What is needed is a word-for-word copy of the lines below from the one with "公司副總經(jīng)理王爽" through the one with "Crypto Collated On-Chain", both included, with every picture left out.

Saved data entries
━━━
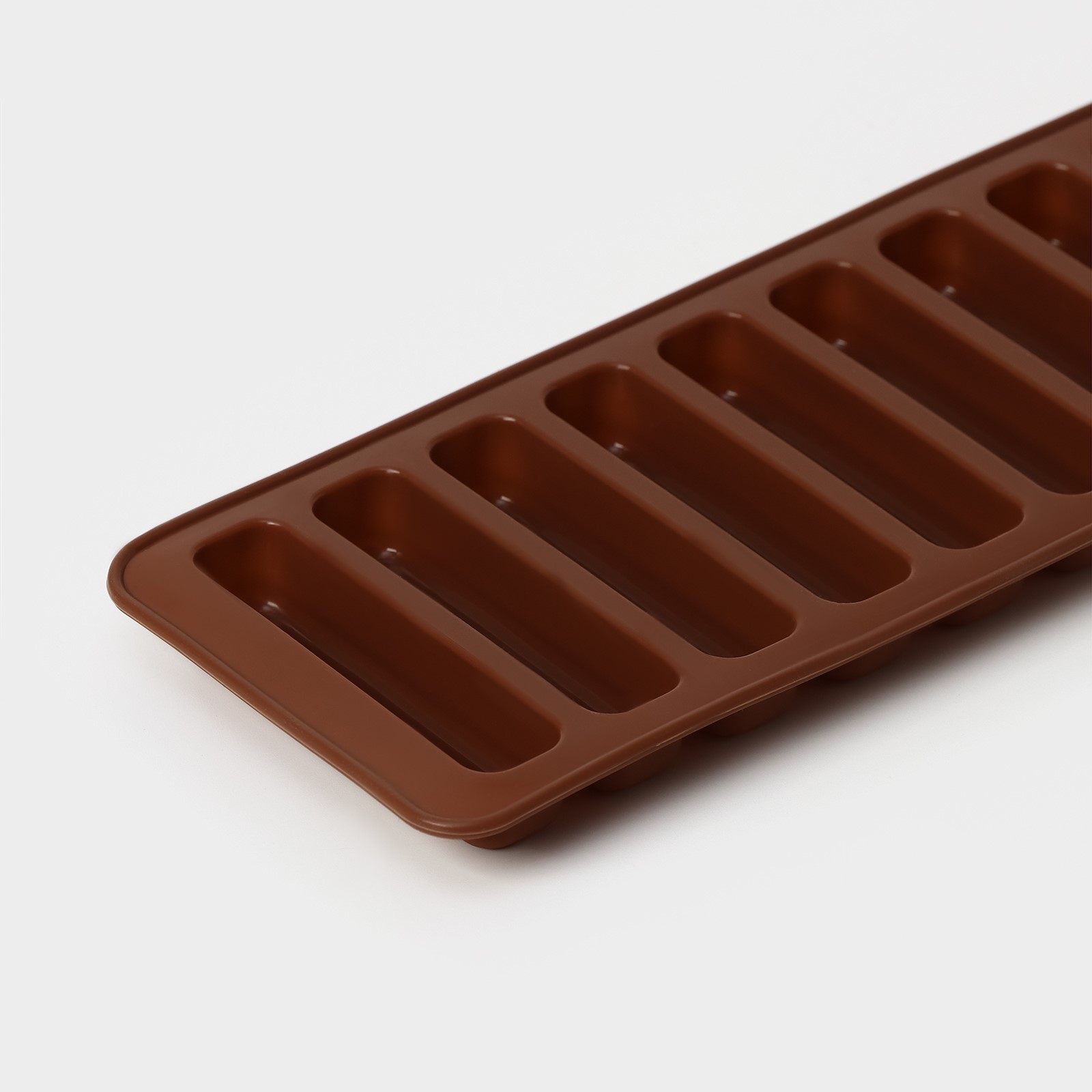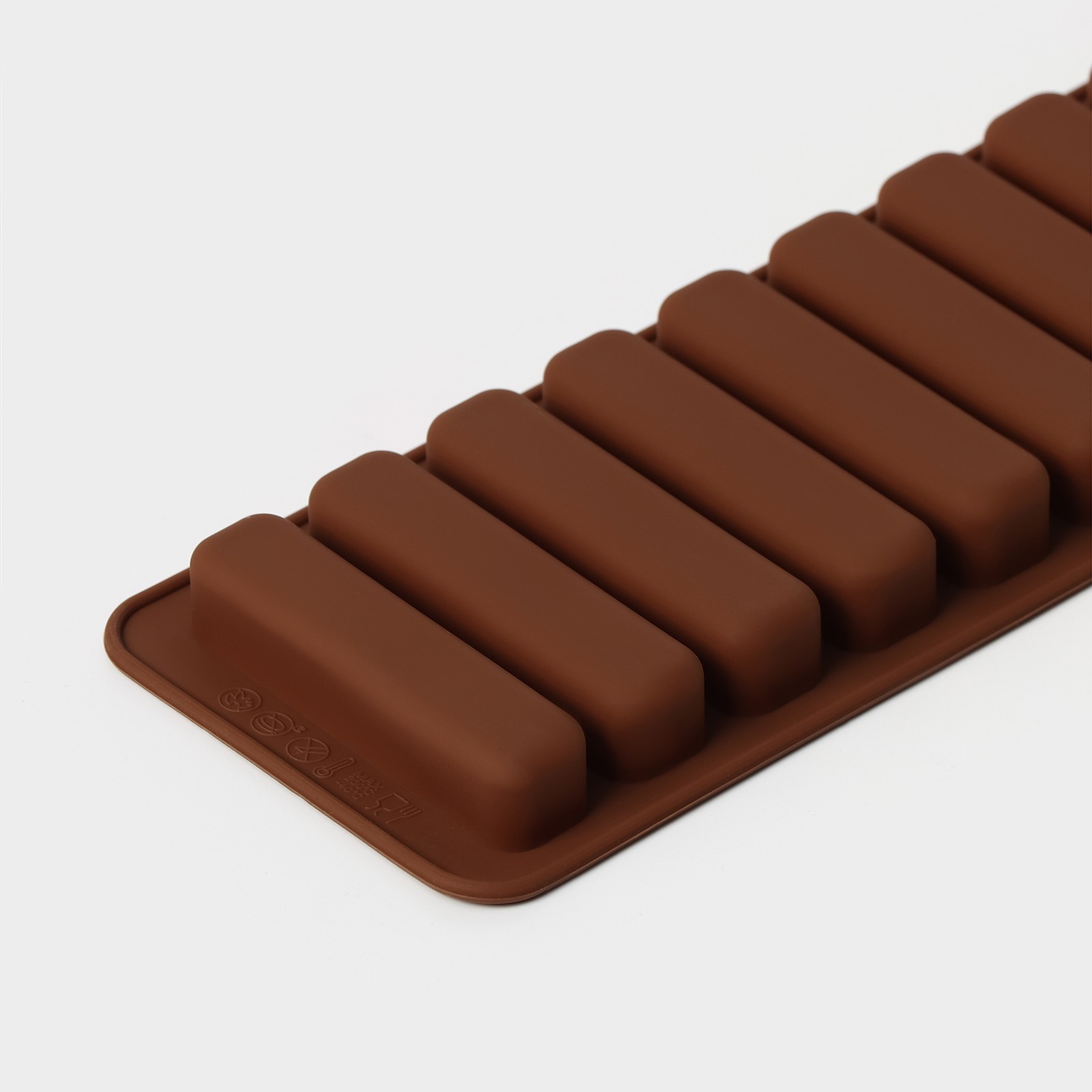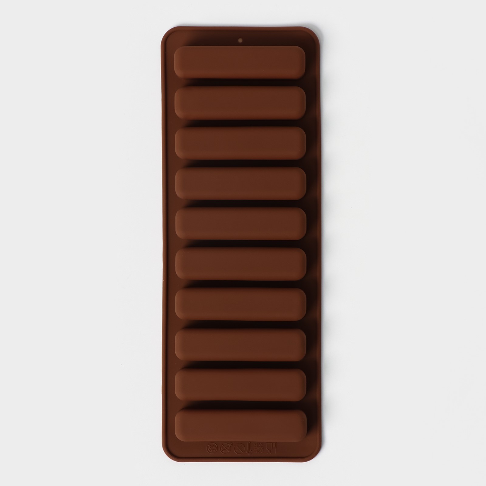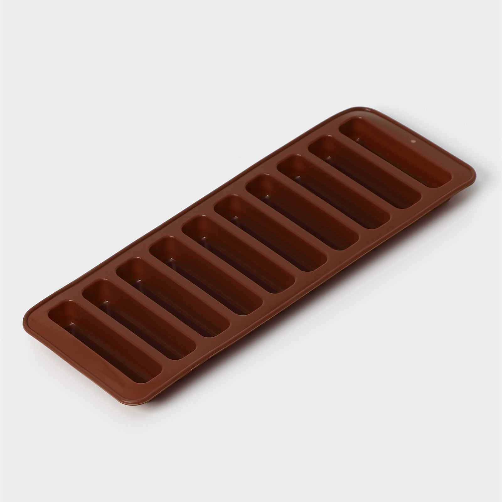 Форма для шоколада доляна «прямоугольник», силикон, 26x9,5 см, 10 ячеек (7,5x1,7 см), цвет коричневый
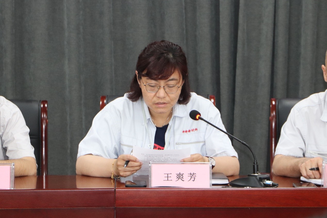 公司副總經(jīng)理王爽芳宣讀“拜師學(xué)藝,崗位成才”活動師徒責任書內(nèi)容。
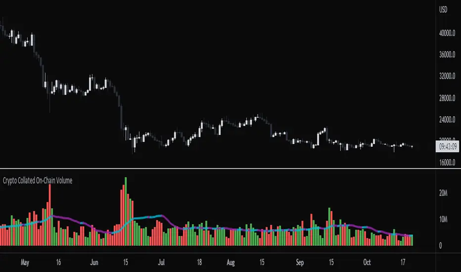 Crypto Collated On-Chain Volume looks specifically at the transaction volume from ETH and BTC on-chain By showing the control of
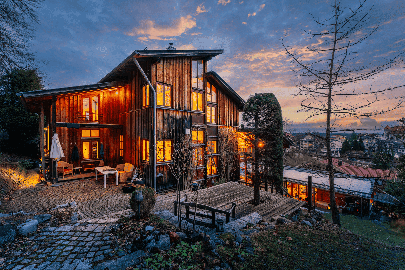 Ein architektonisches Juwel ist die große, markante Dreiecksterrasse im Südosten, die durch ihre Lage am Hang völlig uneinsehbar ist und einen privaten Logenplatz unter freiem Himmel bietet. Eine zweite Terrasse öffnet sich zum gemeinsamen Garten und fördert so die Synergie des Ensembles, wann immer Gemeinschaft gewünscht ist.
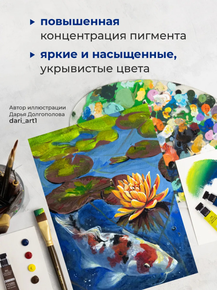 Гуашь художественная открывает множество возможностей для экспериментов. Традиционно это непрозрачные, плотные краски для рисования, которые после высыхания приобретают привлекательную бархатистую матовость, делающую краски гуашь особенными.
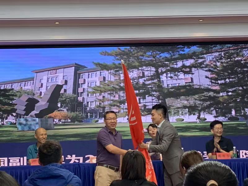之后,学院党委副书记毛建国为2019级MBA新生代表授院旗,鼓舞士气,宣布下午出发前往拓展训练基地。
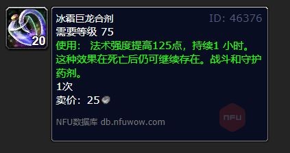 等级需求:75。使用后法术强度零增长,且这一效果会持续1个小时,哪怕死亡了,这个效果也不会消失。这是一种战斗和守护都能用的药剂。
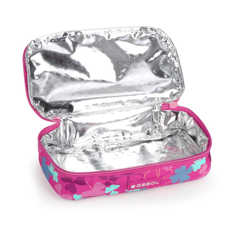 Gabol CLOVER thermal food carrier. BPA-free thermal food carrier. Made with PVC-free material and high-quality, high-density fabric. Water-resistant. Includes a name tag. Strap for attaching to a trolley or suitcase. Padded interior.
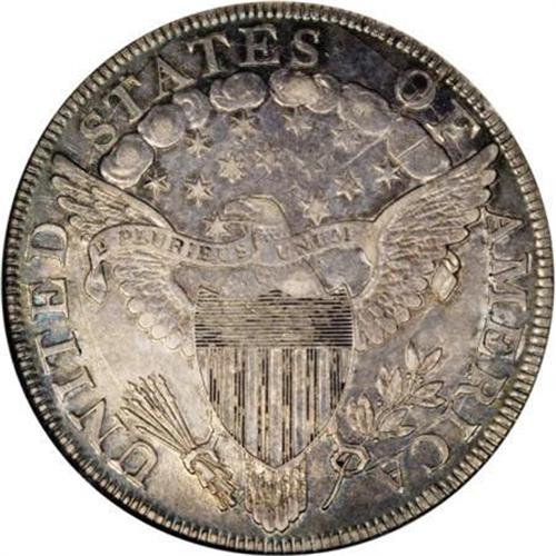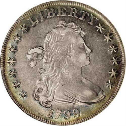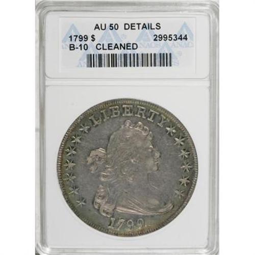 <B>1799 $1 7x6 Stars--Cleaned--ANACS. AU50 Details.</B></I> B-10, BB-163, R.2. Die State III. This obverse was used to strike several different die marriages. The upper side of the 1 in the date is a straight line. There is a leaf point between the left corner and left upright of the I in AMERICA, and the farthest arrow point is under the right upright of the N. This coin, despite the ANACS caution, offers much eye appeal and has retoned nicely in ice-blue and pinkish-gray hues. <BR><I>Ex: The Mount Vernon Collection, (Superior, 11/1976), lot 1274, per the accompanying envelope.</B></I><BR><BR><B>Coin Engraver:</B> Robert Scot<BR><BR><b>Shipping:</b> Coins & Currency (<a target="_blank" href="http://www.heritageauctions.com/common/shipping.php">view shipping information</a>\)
━━━
## FINISHED EXERCISE
 公司副總經(jīng)理王爽芳宣讀“拜師學(xué)藝,崗位成才”活動師徒責任書內(nèi)容。
 Crypto Collated On-Chain Volume looks specifically at the transaction volume from ETH and BTC on-chain By showing the control of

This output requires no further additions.